Putting both hands on the nearest headstone, she screwed up her eyes to get a better look.

He was still too far away for her to make out his face, but as he took off his cap she saw that his hair was very dark, and his face pale. With the eyepatch over one eye, he resembled a pirate.

Belle gripped the headstone. It can’t be, she thought, as she watched him slowly approaching Sophie’s little group of gardeners, stopping every now and then to catch his breath.

Sophie had her back to him and was still busily berating her assistant. It wasn’t until the officer had almost reached her that she turned and saw him.

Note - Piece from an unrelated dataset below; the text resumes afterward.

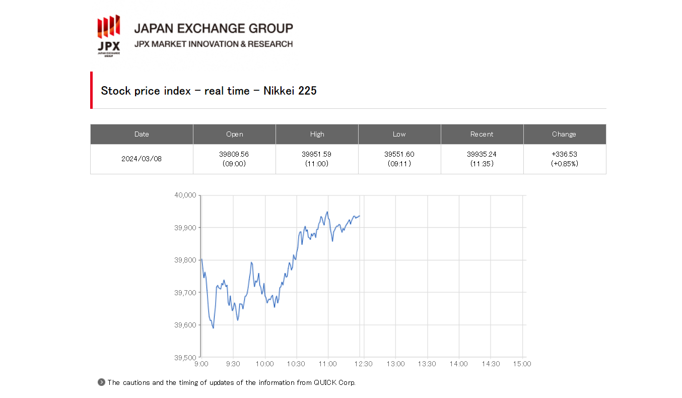 3月8日日经225指数的表现。(图源:日本交易所集团(JPX)官网截图)

She went very still. Her shoulders seemed to slump. But at her sides, her hands clenched into fists. Then the officer had covered the last few paces between them and was catching her in his arms and holding her tight, and Sophie was crying and hitting him with her fists, then reaching up to touch his face.

 

Belle got a lift back to Saint-Omer with Ben’s fellow officers. Ben and Sophie had urged her to stay with them. ‘We’ll go out to dinner and paint the town red,’ Sophie had said, sounding as if she’d just drunk a whole bottle of champagne. But Belle had firmly declined. They needed to be alone together, she said. She would only be in the way.

But the real reason was deeper and more ignoble than that. After the first wave of elation at seeing Ben safe, her spirits had taken a shattering plunge. She was plagued by that irrational dread that since Ben was alive, then Adam would die.

The town house was silent and still when she reached it, and on the table in the hall two letters were waiting for her.

She did not – could not – pick them up at once. She couldn’t even look at them. Instead she made herself take off her hat and coat and gloves, and straighten her hair, before picking them up and walking slowly upstairs to her room. It wasn’t going to be good news. She could feel it.

The first envelope was postmarked Wimereux, and she recognized Adam’s forthright, slanting hand. She tore it open.

Inside was her own letter, carefully folded and replaced in its envelope, which had been neatly slit. There was no accompanying note. Adam had simply written on the back:
Return to sender. No reply
.

Belle lowered herself onto the edge of the bed, and sat blinking in the gloom. She felt as if she’d been kicked in the chest.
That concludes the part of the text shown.